◆ **RAW DATA**

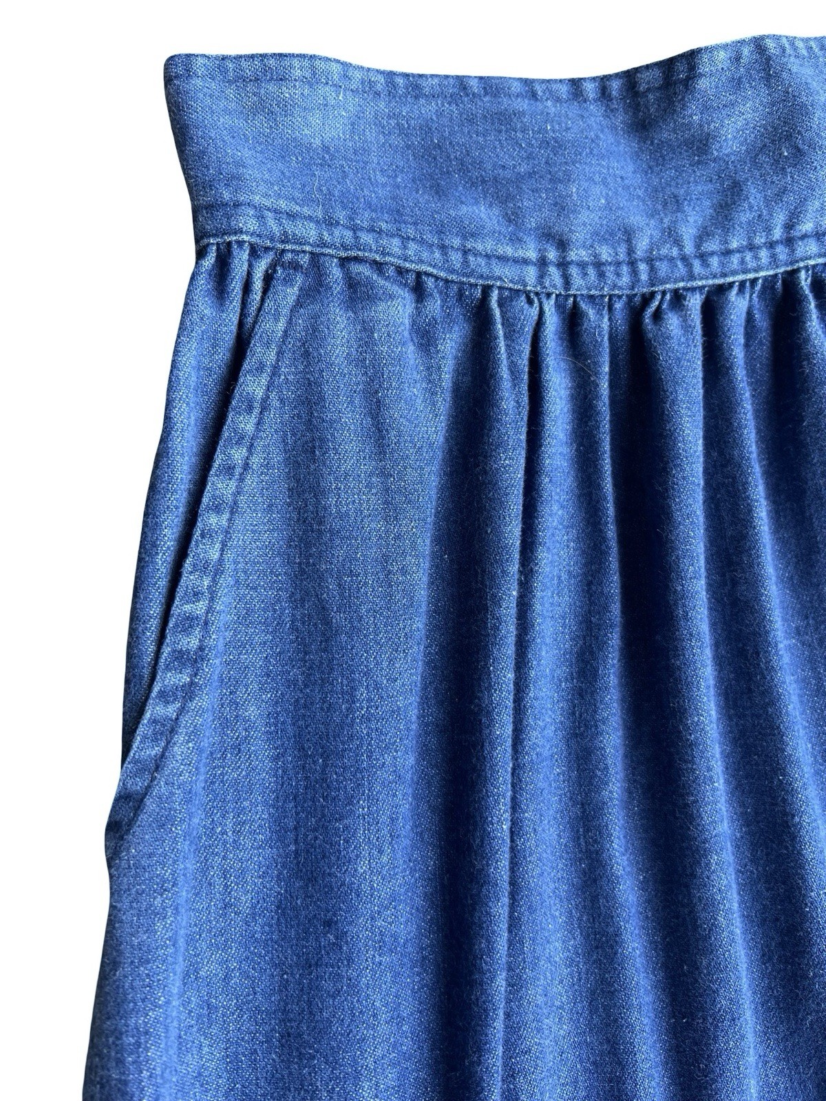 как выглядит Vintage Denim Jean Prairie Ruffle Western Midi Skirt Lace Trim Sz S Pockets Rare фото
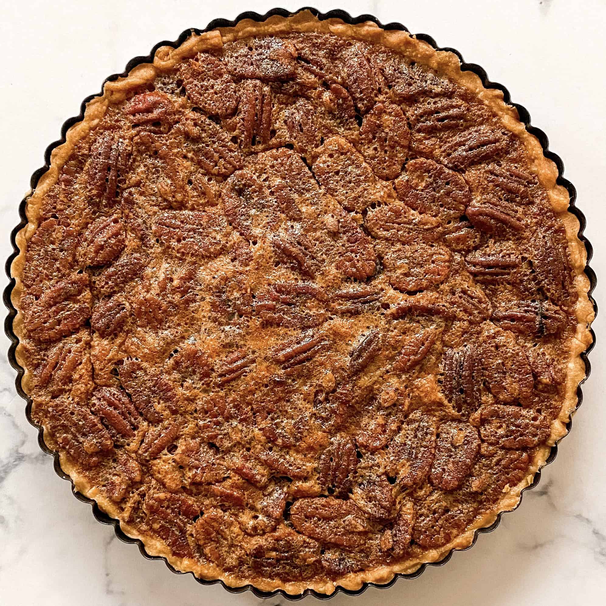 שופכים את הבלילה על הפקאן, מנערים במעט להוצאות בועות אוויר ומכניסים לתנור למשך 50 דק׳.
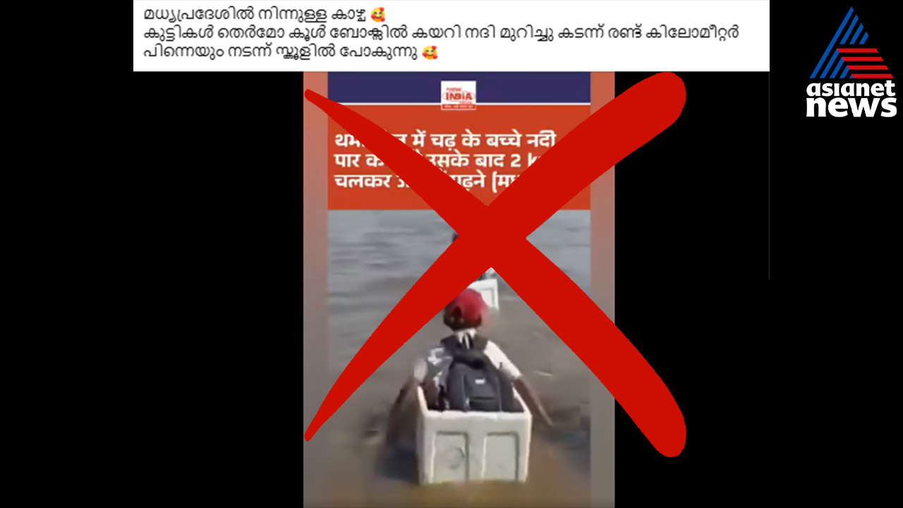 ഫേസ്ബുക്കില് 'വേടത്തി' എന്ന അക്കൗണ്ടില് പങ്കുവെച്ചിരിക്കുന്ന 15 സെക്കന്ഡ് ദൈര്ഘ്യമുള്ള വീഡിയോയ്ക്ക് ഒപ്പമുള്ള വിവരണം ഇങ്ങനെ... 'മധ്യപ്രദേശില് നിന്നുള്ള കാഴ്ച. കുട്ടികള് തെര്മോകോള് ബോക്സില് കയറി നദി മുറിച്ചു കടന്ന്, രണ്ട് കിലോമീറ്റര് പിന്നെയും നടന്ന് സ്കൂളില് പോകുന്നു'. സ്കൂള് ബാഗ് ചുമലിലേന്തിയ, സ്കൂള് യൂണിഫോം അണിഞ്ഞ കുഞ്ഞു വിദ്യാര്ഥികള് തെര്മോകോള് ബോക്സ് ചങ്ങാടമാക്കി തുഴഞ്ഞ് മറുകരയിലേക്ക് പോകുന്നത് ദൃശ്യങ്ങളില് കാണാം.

◆ **WHAT THE EXERCISE ASKS**
Pass over the images and copy the rest of the material above exactly.

◆ **SOLUTION TO THIS PROBLEM**
 как выглядит Vintage Denim Jean Prairie Ruffle Western Midi Skirt Lace Trim Sz S Pockets Rare фото
 שופכים את הבלילה על הפקאן, מנערים במעט להוצאות בועות אוויר ומכניסים לתנור למשך 50 דק׳.
 ഫേസ്ബുക്കില് 'വേടത്തി' എന്ന അക്കൗണ്ടില് പങ്കുവെച്ചിരിക്കുന്ന 15 സെക്കന്ഡ് ദൈര്ഘ്യമുള്ള വീഡിയോയ്ക്ക് ഒപ്പമുള്ള വിവരണം ഇങ്ങനെ... 'മധ്യപ്രദേശില് നിന്നുള്ള കാഴ്ച. കുട്ടികള് തെര്മോകോള് ബോക്സില് കയറി നദി മുറിച്ചു കടന്ന്, രണ്ട് കിലോമീറ്റര് പിന്നെയും നടന്ന് സ്കൂളില് പോകുന്നു'. സ്കൂള് ബാഗ് ചുമലിലേന്തിയ, സ്കൂള് യൂണിഫോം അണിഞ്ഞ കുഞ്ഞു വിദ്യാര്ഥികള് തെര്മോകോള് ബോക്സ് ചങ്ങാടമാക്കി തുഴഞ്ഞ് മറുകരയിലേക്ക് പോകുന്നത് ദൃശ്യങ്ങളില് കാണാം.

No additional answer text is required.